右近はここで東軍の徳川家康について戦い、東軍勝利に貢献しました。しかし、この家康も「キリスト禁止令」を出したため、右近は日本を出てフィリピンのマニラへ向かいました。秀吉に続き、家康もキリスト教を弾圧し始めたのを見て、「もう日本に自分の居場所はない」と考えたのかもしれませんね。

 

フィリピンでは熱烈な歓迎を受ける高山右近

無事にフィリピンにたどり着いた右近は限定で熱烈な歓迎を受けましたが、64歳で亡くなりました。
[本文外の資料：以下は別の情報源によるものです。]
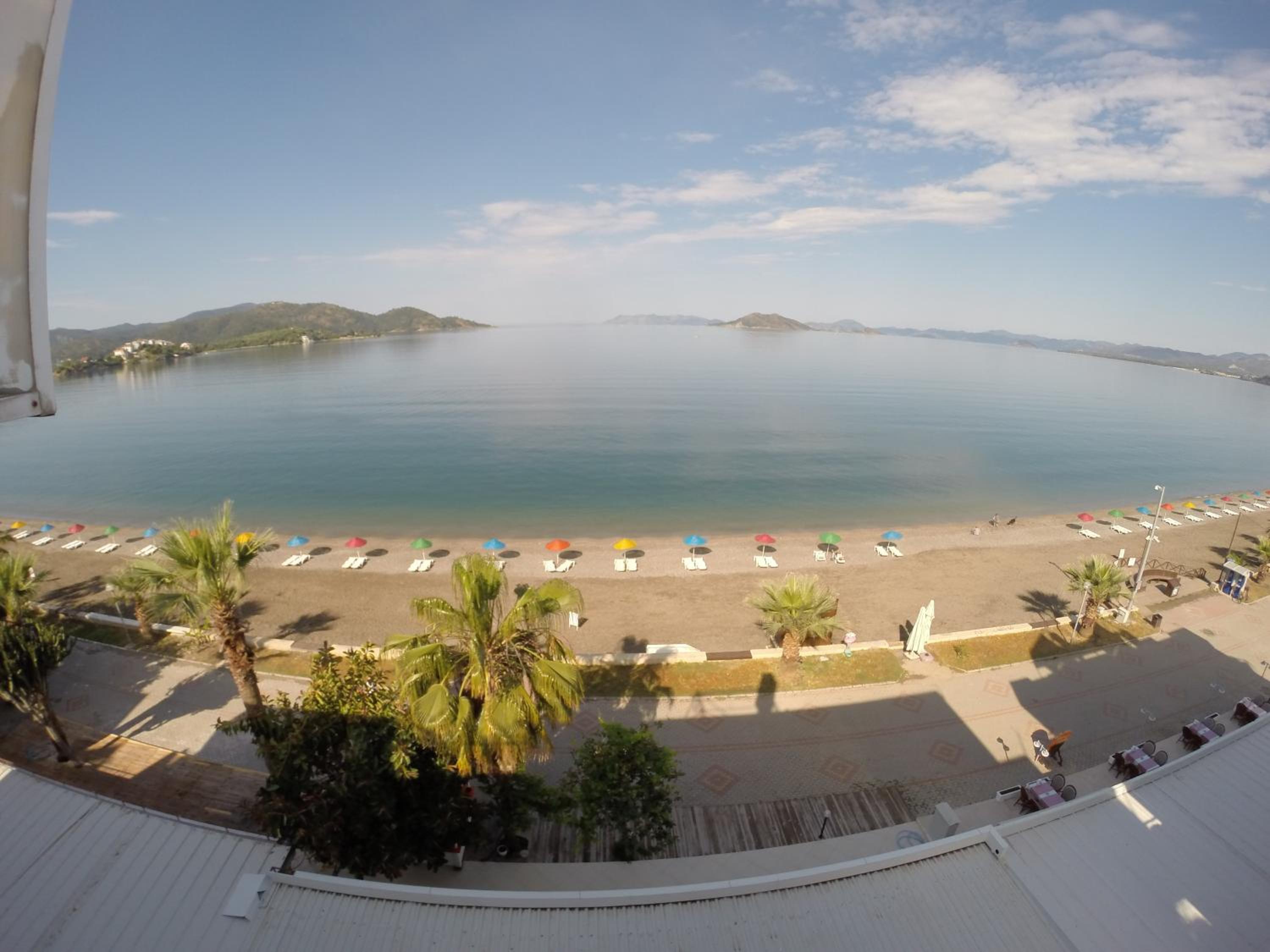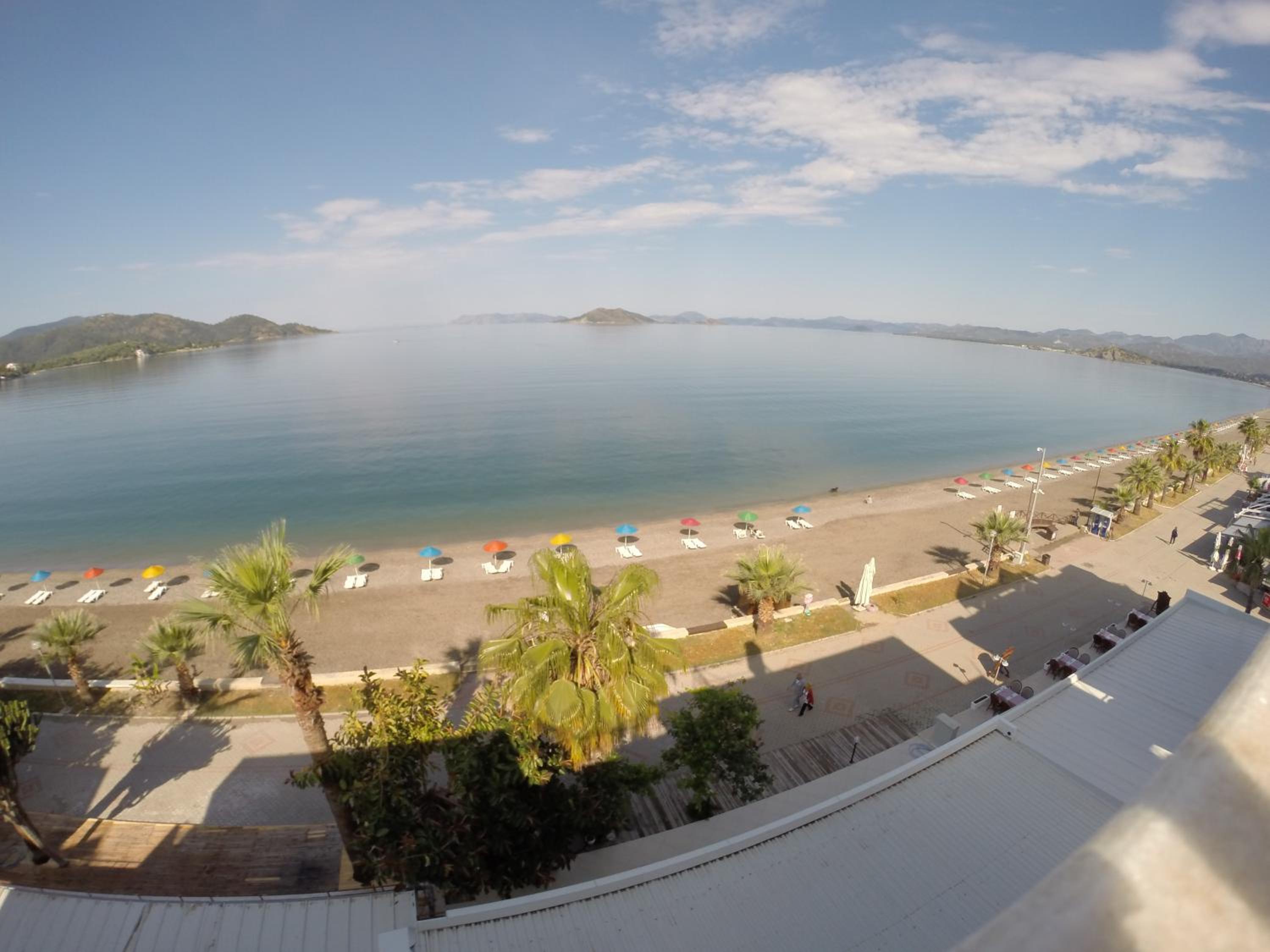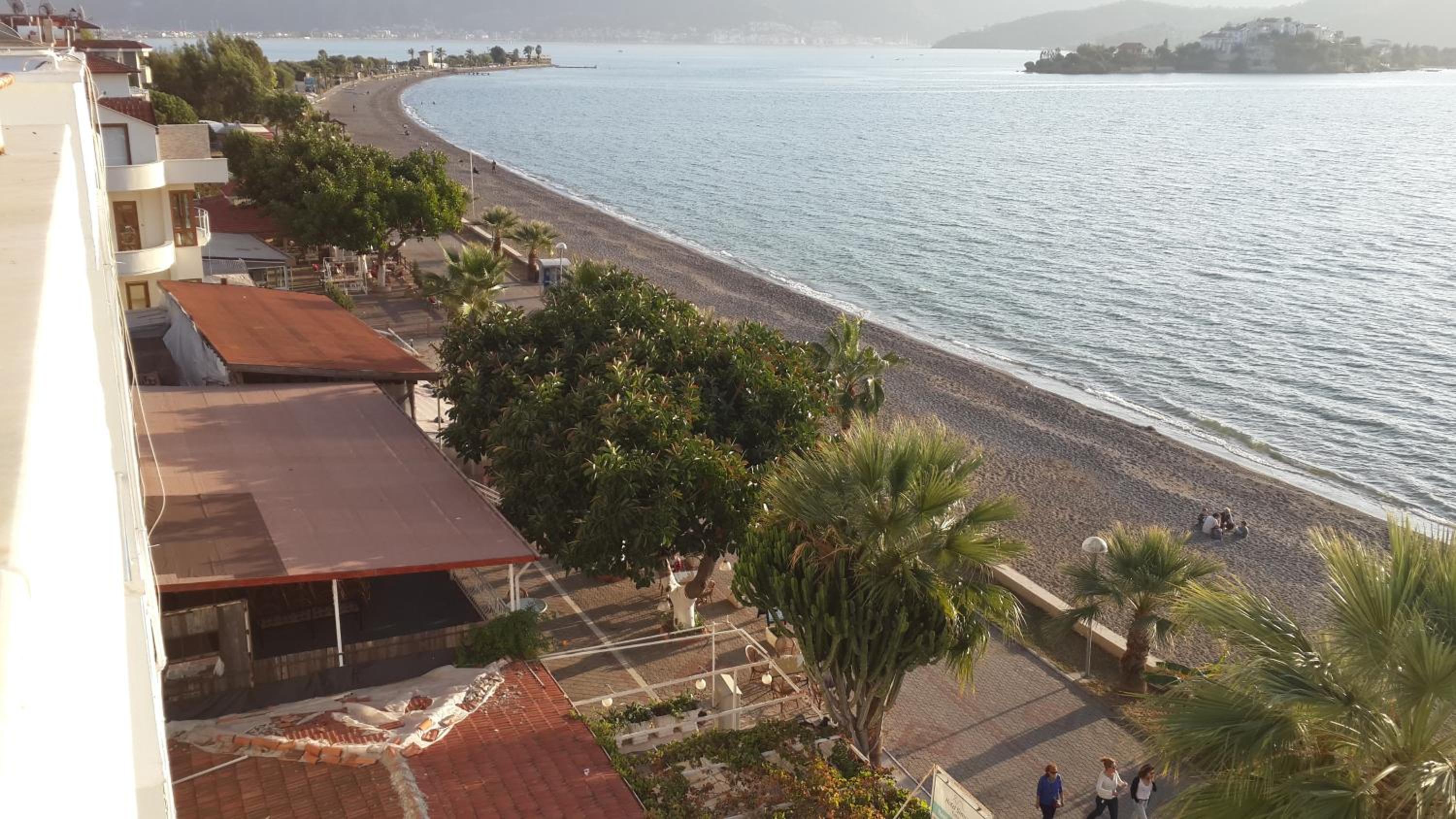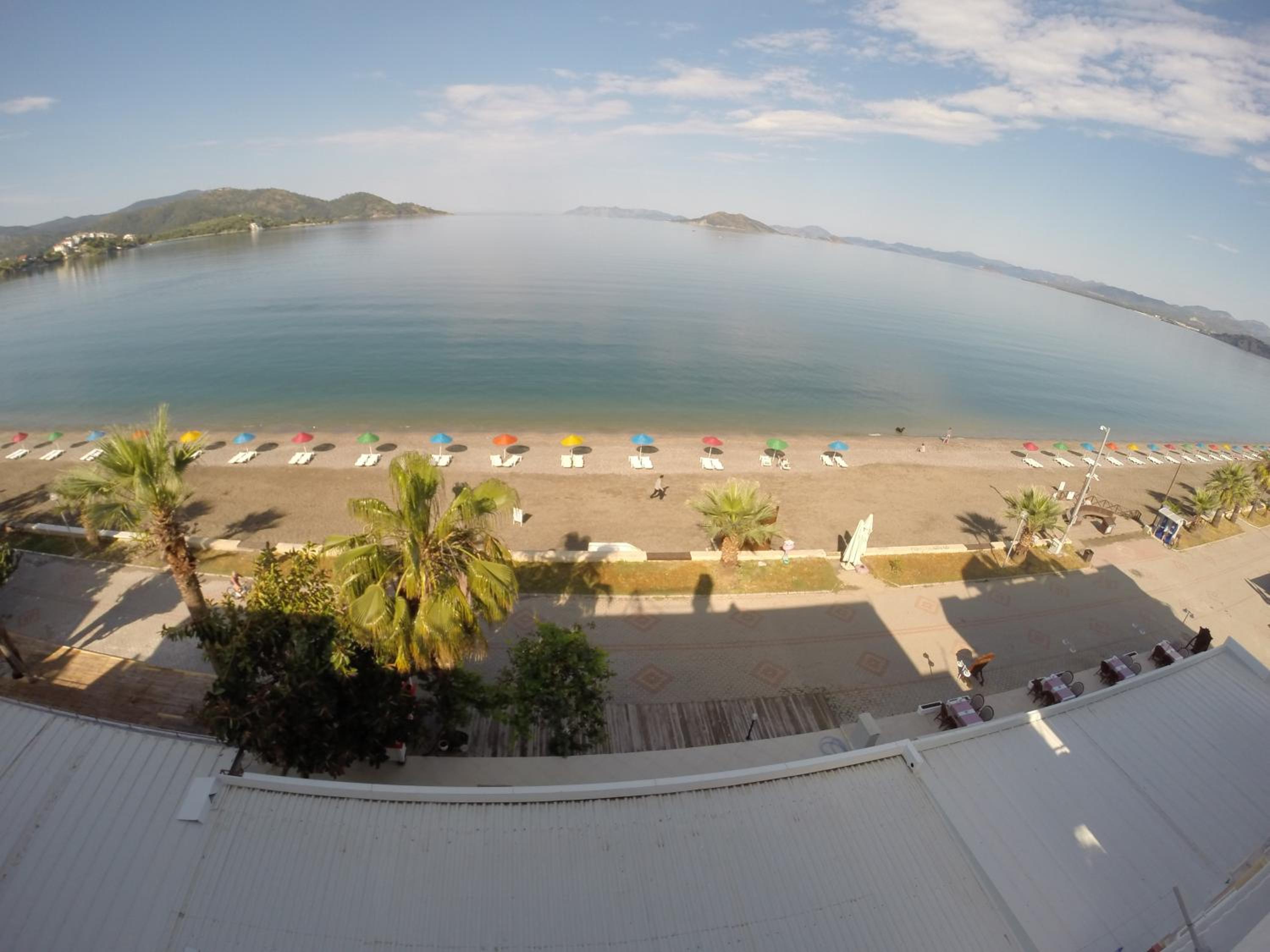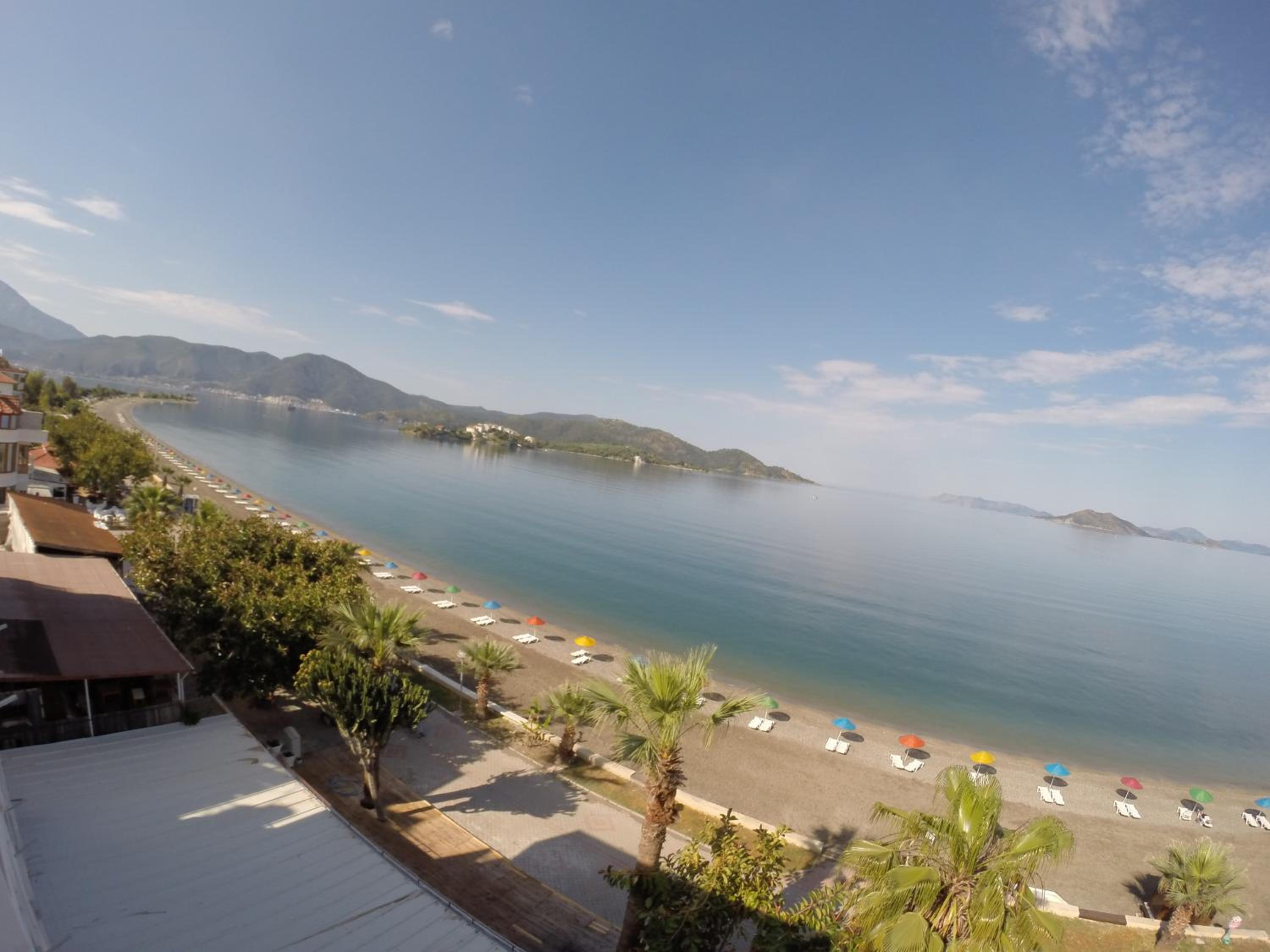 I booked this hotel because of the location - right on front of a beach. There are a few supermarkets nearby, and in 5 minutes of walk you reach the promenade that goes to central Fethiye, the walk is about 45-60 minutes, quite enjoyable, as there are parks and cafeterias and beautiful views to the sea. There are free public parking spaces in front of the hotel. There is a very nice balcony, where you can sit and enjoy the views to the mountains and the nearby boat channel. The WiFi was strong, the place also has a restaurant, but I did not try it. The rooms need renovation, but for the price I paid I am happy with what I got.

死後、彼はキリスト教の殉教者として認められ、2012年に「福者」となっています。このための式典が、2017年に日本で開催されるそうです。右近のキリスト教への信仰が、時を超えて認められたのです。

 

高山右近の家紋は「七曜」

高山右近の家紋は「七曜紋」です。この紋の丸は星をイメージしたもので、戦国武将の多くがこの星を使った家紋を使用しています。

 

家紋
 

「十字架」紋

また、もう一つの家紋が「十字架」。

家紋
 

日本を捨ててまで、キリスト教への信仰を守り続けた右近の気持ちが込められた家紋です。
こちらの方が、右近の生涯の生きざまをよく表しているかもしれません。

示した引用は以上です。